Does the description disclose side effects, auth requirements, rate limits, or destructive behavior?

No annotations are provided, so the description carries the full burden. It states that the tool returns 'Database version, connection info, and settings', which gives some behavioral insight into the output. However, it doesn't disclose critical traits like whether this is a read-only operation, potential performance impacts, authentication needs, or error handling, leaving gaps for a tool that likely accesses system-level data.

Agents need to know what a tool does to the world before calling it. Descriptions should go beyond structured annotations to explain consequences.

Conciseness4/5

Is the description appropriately sized, front-loaded, and free of redundancy?

The description is concise and well-structured, with two sentences that efficiently state the purpose and return values. It's front-loaded with the main action and avoids unnecessary details. However, it could be slightly more polished by integrating the return information into a single sentence, but overall, it's efficient with minimal waste.

Shorter descriptions cost fewer tokens and are easier for agents to parse. Every sentence should earn its place.

Completeness3/5

Given the tool's complexity, does the description cover enough for an agent to succeed on first attempt?

Given the tool's complexity (likely low, as it retrieves static info) and the lack of annotations and output schema, the description is minimally adequate. It explains what the tool does and what it returns, but for a database tool that might involve sensitive or system-level data, it should ideally mention safety, permissions, or data format to be more complete. Without an output schema, the return description helps, but more context would improve completeness.

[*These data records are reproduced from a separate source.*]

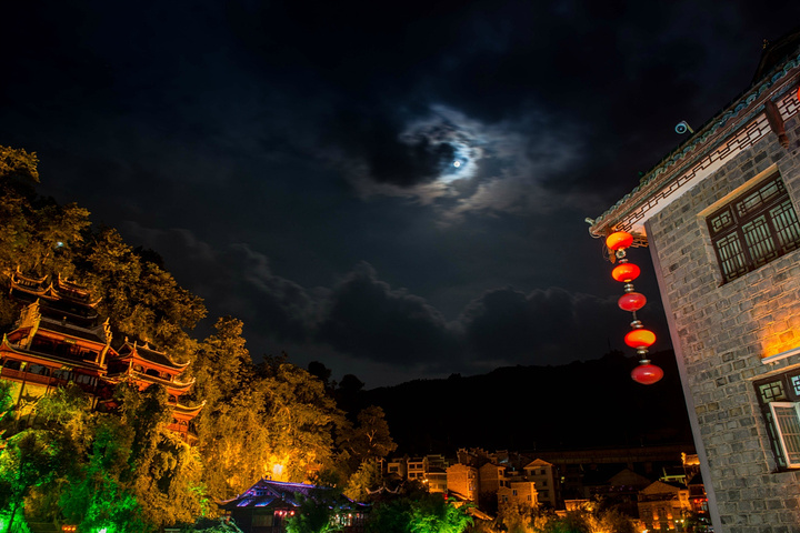 夜晚的到来,天空中的太极月亮,也赋予了这座古城一种美丽的传说
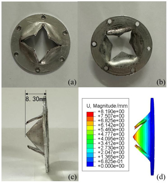 After the test, the motor was disassembled. The structures are shown in Figure 12. Inspection revealed no damage to the motor case. However, the ignition tool exhibited ablation. The overall structure remained intact. The metal diaphragm was cracked into four flaps along the V-groove, but the root was not broken. The metal diaphragm was removed from the separation device. Its deformation is depicted in Figure 13. As shown in Figure 13a,b, the metal diaphragm cracked along the V-groove. This is consistent with the simulation results presented in Figure 11. The absence of debris production indicates that the metal diaphragm broke open during operation of the pulse II motor. The pre-designed V-groove allowed the diaphragm to break in a controlled manner, generating less debris. Figure 13c,d provide a comparison between the test and simulation results for the side of the metal diaphragm. The maximum deformation of the metal diaphragm after the test was measured to be 8.3 mm. The simulation calculated a deformation of 8.19 mm, resulting in an error of 1.32%.
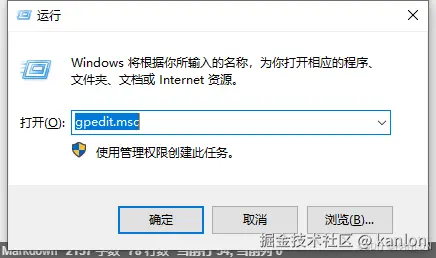 按下「Win+R」打开window运行窗口,打开运行对话框,输入命名 gpedit.msc,点击下方确定打开注册表,如下所示

Complex tools with many parameters or behaviors need more documentation. Simple tools need less. This dimension scales expectations accordingly.

Parameters4/5

Does the description clarify parameter syntax, constraints, interactions, or defaults beyond what the schema provides?

The input schema has 0 parameters with 100% coverage, so the schema fully documents the lack of inputs. The description doesn't add parameter details, which is appropriate here. A baseline of 4 is given for zero parameters, as there's no need to compensate for missing information, and the description doesn't introduce confusion.

Input schemas describe structure but not intent. Descriptions should explain non-obvious parameter relationships and valid value ranges.

Purpose4/5

Does the description clearly state what the tool does and how it differs from similar tools?

The description clearly states the tool's purpose with a specific verb ('Get') and resource ('database and connection information'), making it easy to understand what it does. However, it doesn't explicitly differentiate this from sibling tools like 'list_schemas' or 'table_stats', which might also provide database-related information, so it doesn't reach the highest score.

Agents choose between tools based on descriptions. A clear purpose with a specific verb and resource helps agents select the right tool.

Usage Guidelines2/5

Does the description explain when to use this tool, when not to, or what alternatives exist?

The description provides no guidance on when to use this tool versus alternatives. With many sibling tools available for database operations, there's no indication of whether this is for general metadata, specific configurations, or how it compares to tools like 'list_schemas' or 'query'. This lack of context leaves the agent to guess based on the name alone.

Agents often have multiple tools that could apply. Explicit usage guidance like "use X instead of Y when Z" prevents misuse.